Farm Bill Negotiations: History of "Direct Payments"

The New York Times just published a harsh analysis of the environmental impact of our heavily subsidized crop insurance programs, emphasizing the increased cost to taxpayers under the new farm bill proposal, Crop Insurance Proposal Could Cost U.S. Billions.

The unfortunate consequence of our system of subsidized crop insurance, particularly when revenue insurance is added into the mix, is that farmers are given an incentive to farm lands that would otherwise not be profitable or at least present too much of a risk of loss.

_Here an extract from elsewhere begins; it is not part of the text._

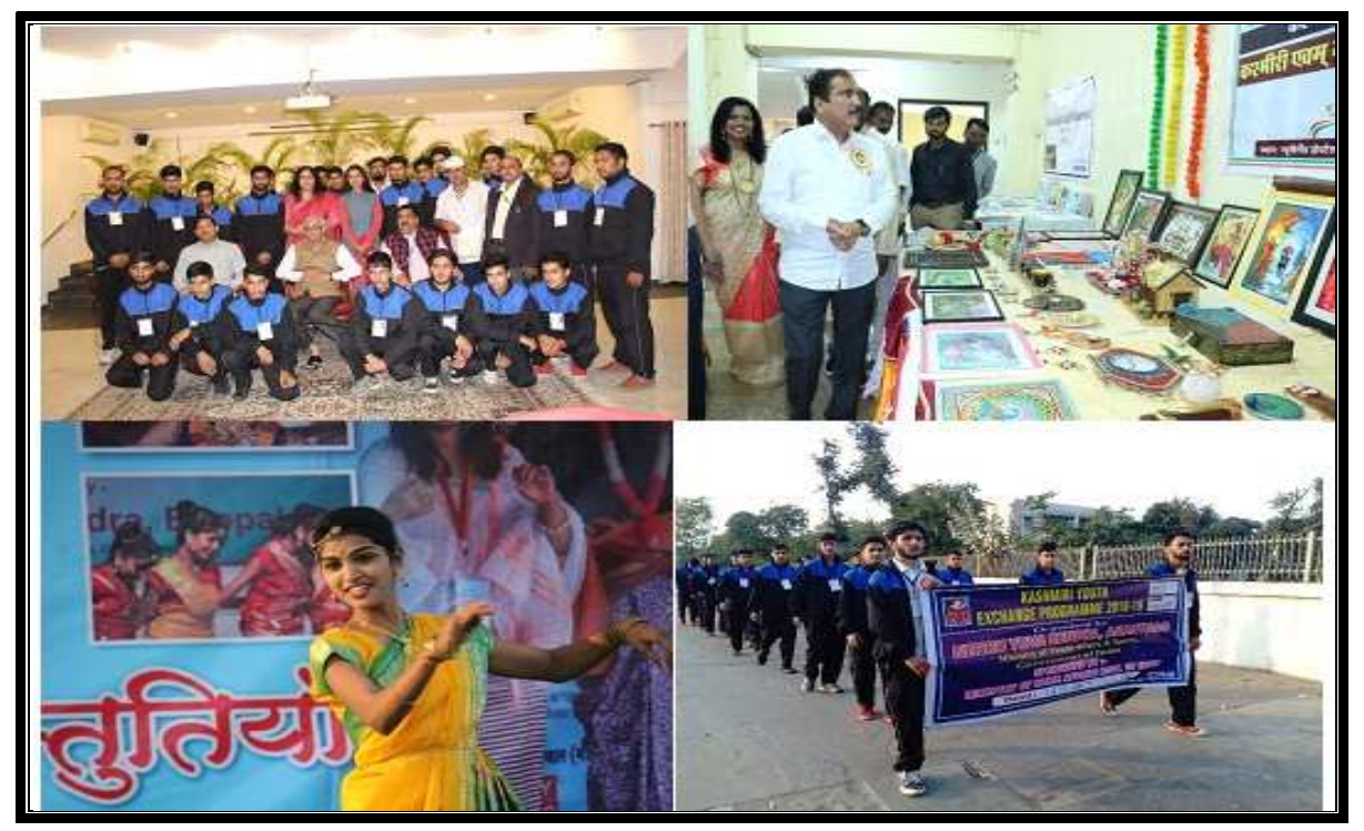
Arise, Awake, and Stop not till the Goal is reached -Swami Vivekananda

Organised by:-Nehru Yuva Kendra Sangathan (Ministry of Youth Affairs and Sports, Govt. of India) In collaboration with Ministry of Home Affairs, Govt. of India

The Times article is one of many recent articles that have criticized the current farm bill proposal. For some time, farm policy makers have indicated that they were willing to give up on the current direct payment program in exchange for more support delivered through crop insurance. Even aside from the current concern with a budget deficit, that type of horse-trading only makes sense if one ignores the history of the direct payment program.

In 1996, Congress passed a farm bill, the Federal Agricultural Improvement and Reform (FAIR) Act of 1996. It was signed into law by President Clinton.  It replaced the 1990 farm bill and covered the crop years 1996 through 2002.

The first title of the new farm bill was the "Agricultural Market Transition Act."  This title marked a shift in farm subsidy programs, eliminating target prices and deficiency payments based on market prices.  Instead, farmers would receive direct payments that were not tied to production or price for seven years under "Production Flexibility Contracts."

The shift was promoted as a way for farmers to "transition" to a free-market based production system, moving away from reliance on government support payments.  Farmers would be free to plant whatever crop they wanted based on market conditions, hence the term "Freedom to Farm" was also used to reference the new approach. The farmers who signed up for the new program received fixed but somewhat declining payments over the seven-year period.

At the end of the 7 year period, however, there was no transition. Congress renewed the "direct payment," program, and it was renewed again in the 2008 farm bill. Farmers were indeed free to plant whatever they wanted (except for fruits and vegetables, a restriction won by the existing fruit and vegetable industry), and they were not even required to farm. But, there was never a transition away from government support.  References to any "market transition" were dropped and the program was referenced simply as the "direct payment program."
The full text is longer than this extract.